### [WORK INSTRUCTIONS]
Take the lines of the data below from the very first through the line containing "在圆桌讨论环节,白重恩与厄瓜" and output them exactly, pictures excluded.

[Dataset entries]
*** Block opens ***
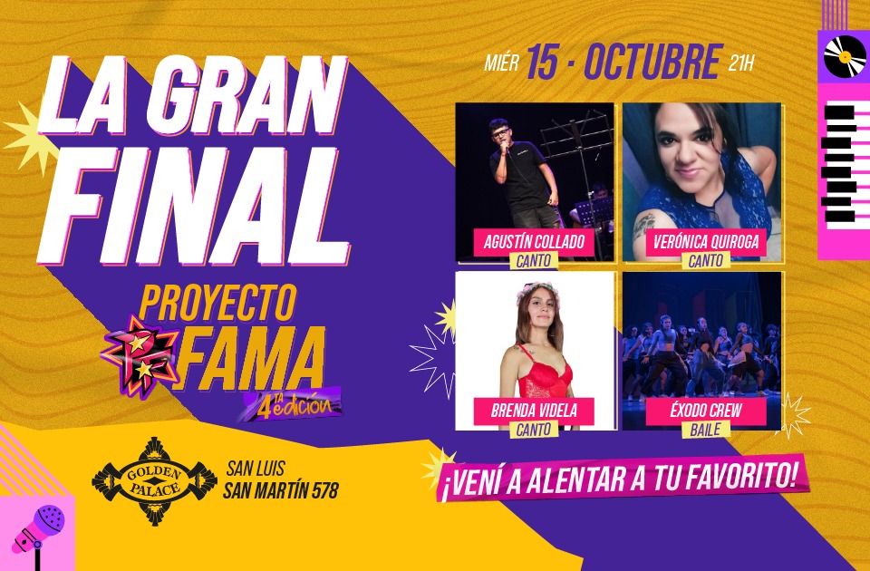 Después de semanas de talento, emoción y shows inolvidables, Proyecto Fama llega a su gran final este miércoles 15 de octubre a las 21 h en el escenario de Golden Palace San Luis.
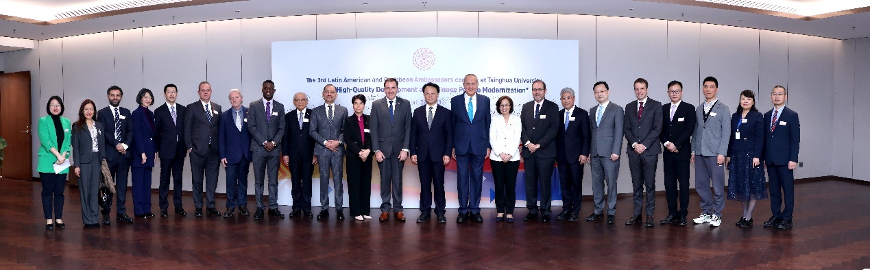 在圆桌讨论环节,白重恩与厄瓜多尔、墨西哥、苏里南、巴巴多斯、乌拉圭、巴西、牙买加、萨尔瓦多等多国大使与外交使节就拉美及加勒比国家如何借鉴中国发展经验等议题展开深入探讨和交流。
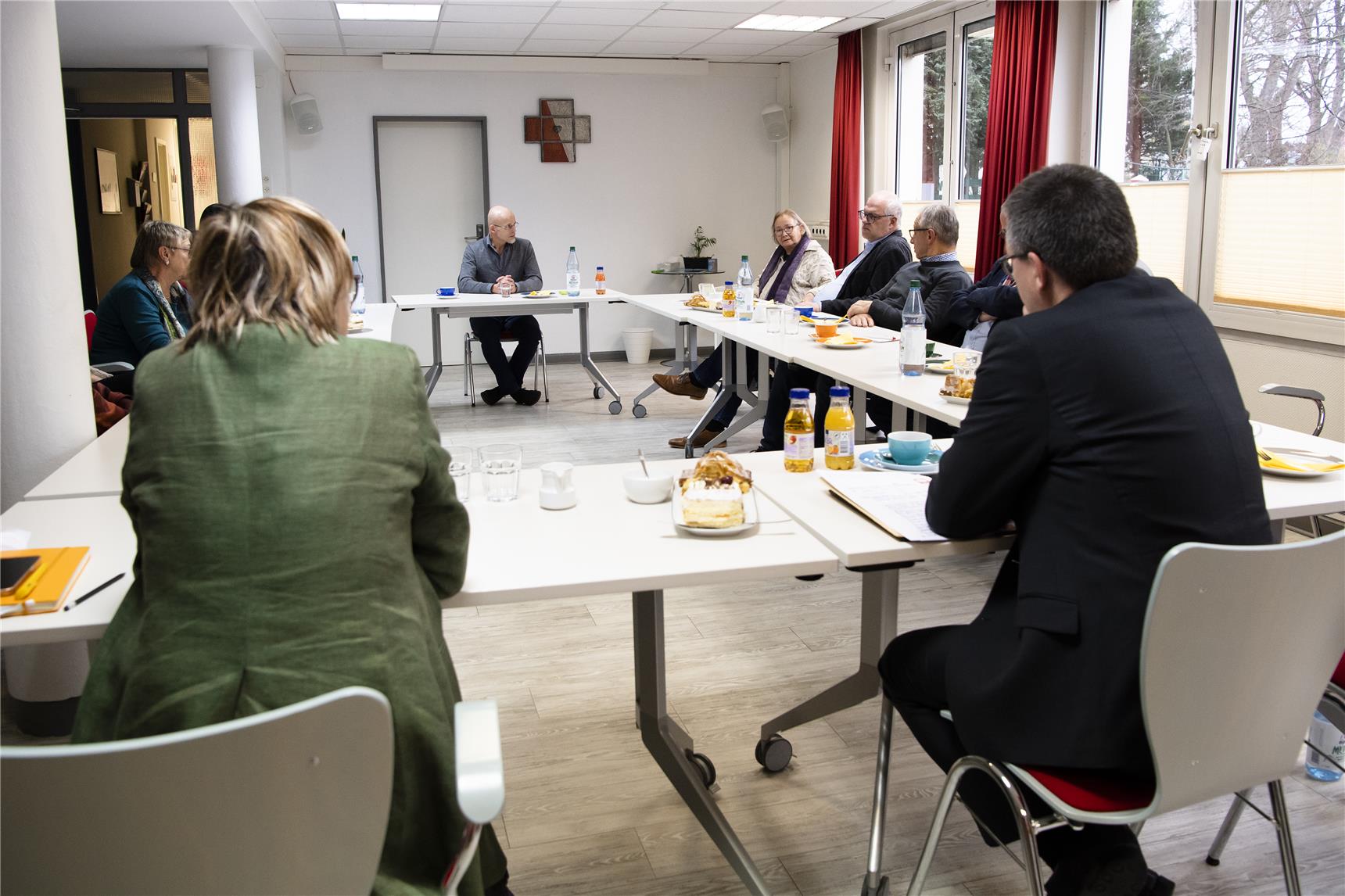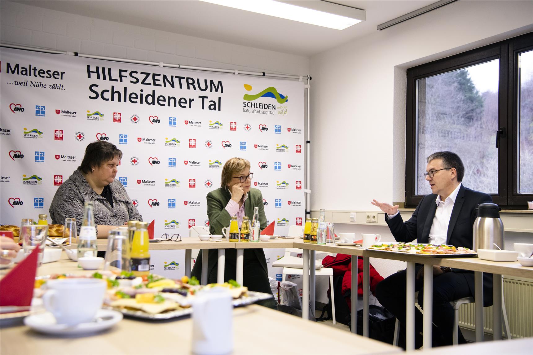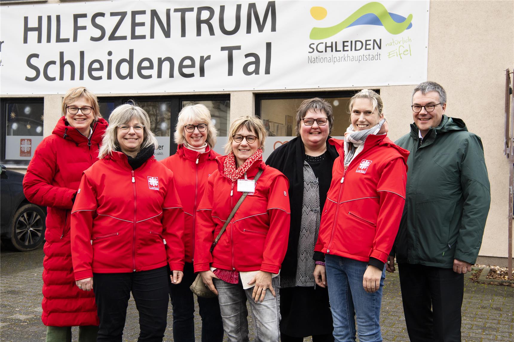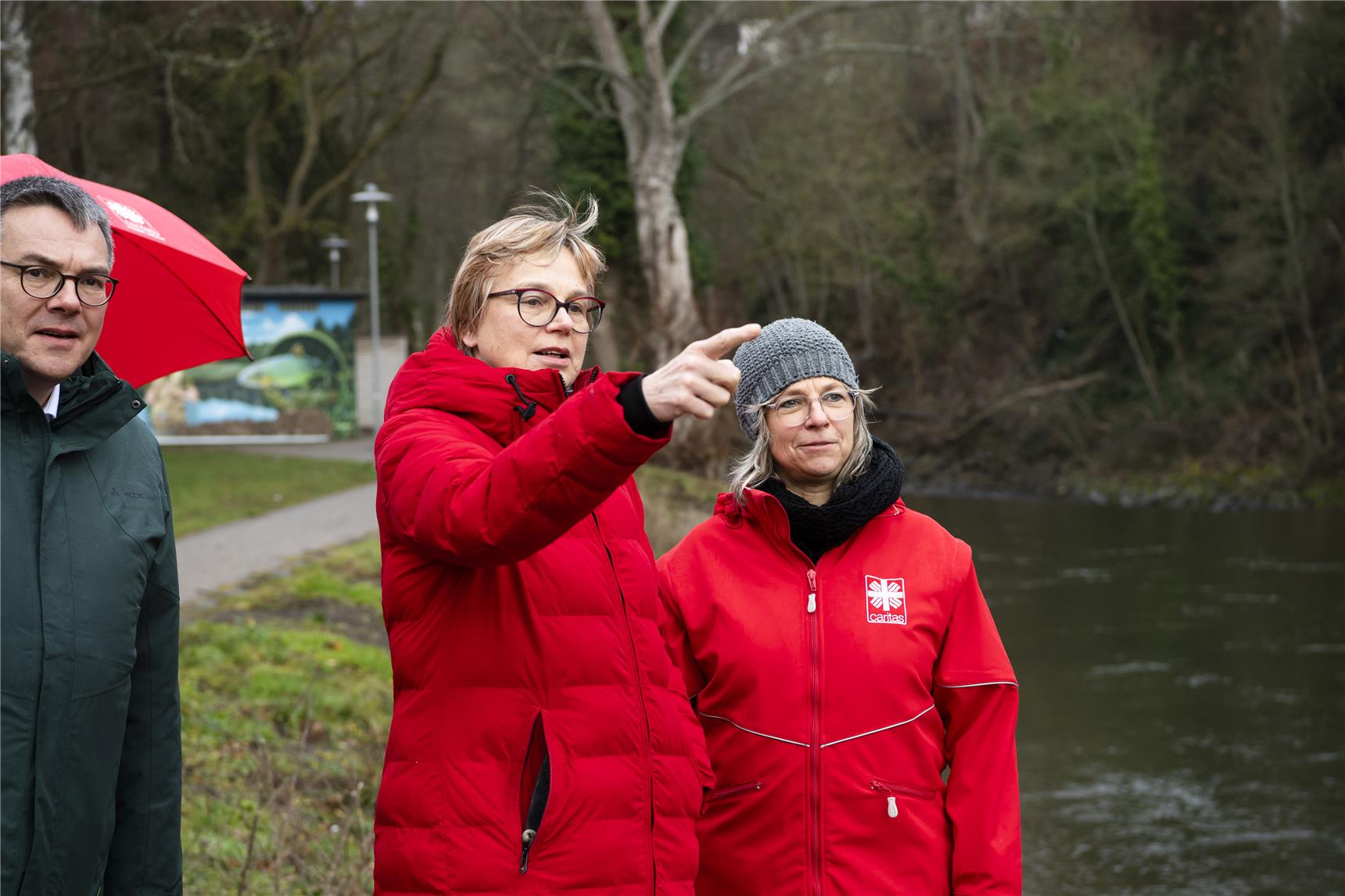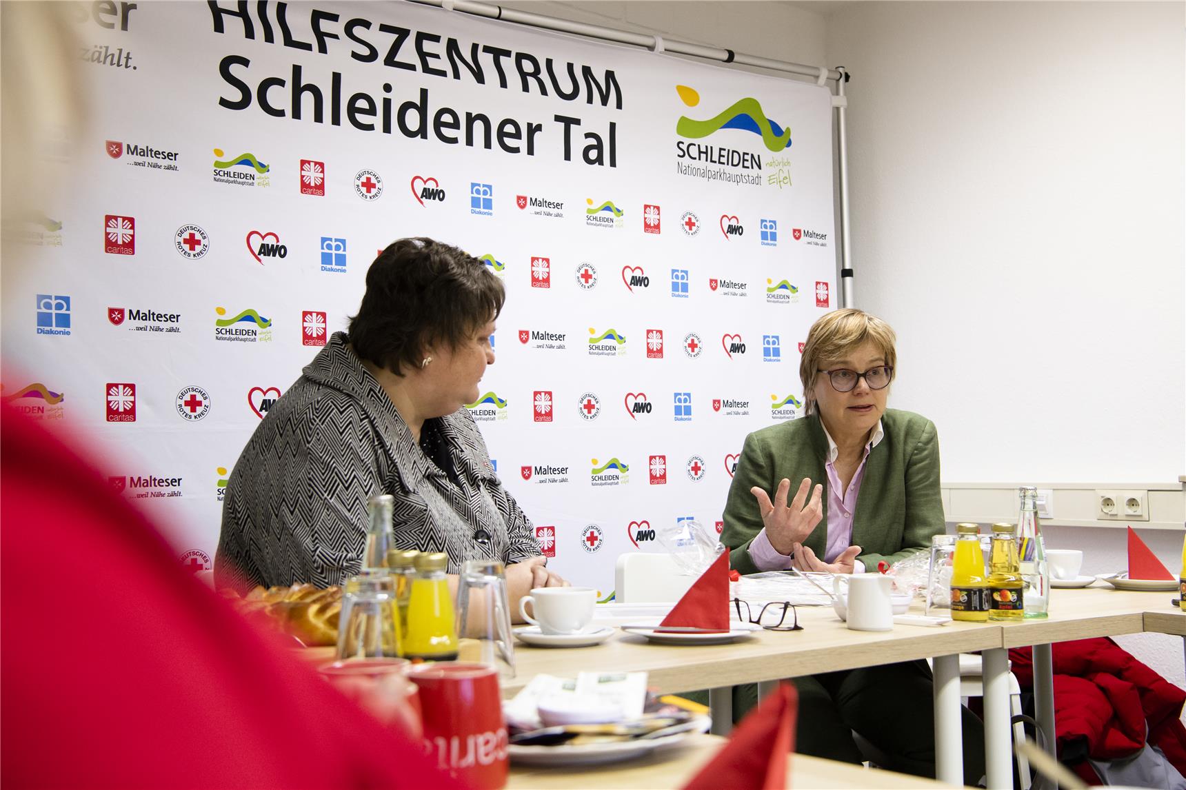 In Stolberg begrüßte Manfred Lang, Geschäftsführer des SKM Stolberg, auch im Namen der Geschäftsführerin des SkF Stolberg, Margit Schmitt, die Präsidentin des Deutschen Caritasverbandes. Erst durch die schnelle Bereitstellung von Spendenmitteln durch Caritas international hätten die Fachverbände SKM und SkF in Stolberg nach der Flutnacht im Sommer 2021 schnell helfen können, sagte Lang. Zu dem Treffen mit der Präsidentin waren auch Mitarbeiterinnen des SkF Eschweiler gekommen. Auch diese Stadt war von der Flut schwer betroffen, die Fachverbände organisieren auch dort bis heute die Fluthilfe.
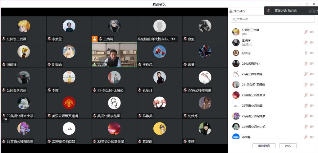 全体辅导员、2022级英语(公师)班全体本科生收听宣讲。一同参会的还有国内合作处、保卫处、基建处、附属中小学的部分领导老师。宣讲会通过线上方式进行。
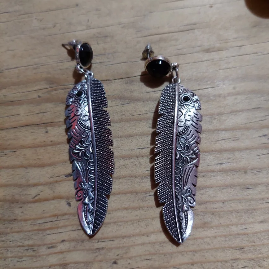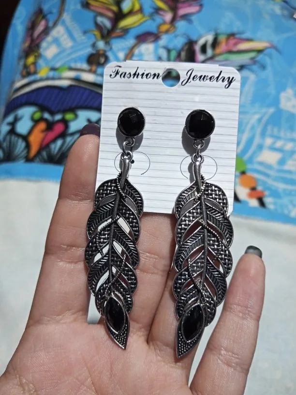 Vintage Black Earrings Long Leaf Drop Chandelier Ethnic Feather Earrings Accessories Women Gypsy Boho Tibetan Jewelry
*** Block closes ***
### [RESPONSE TO THE TASK]
 Después de semanas de talento, emoción y shows inolvidables, Proyecto Fama llega a su gran final este miércoles 15 de octubre a las 21 h en el escenario de Golden Palace San Luis.
 在圆桌讨论环节,白重恩与厄瓜多尔、墨西哥、苏里南、巴巴多斯、乌拉圭、巴西、牙买加、萨尔瓦多等多国大使与外交使节就拉美及加勒比国家如何借鉴中国发展经验等议题展开深入探讨和交流。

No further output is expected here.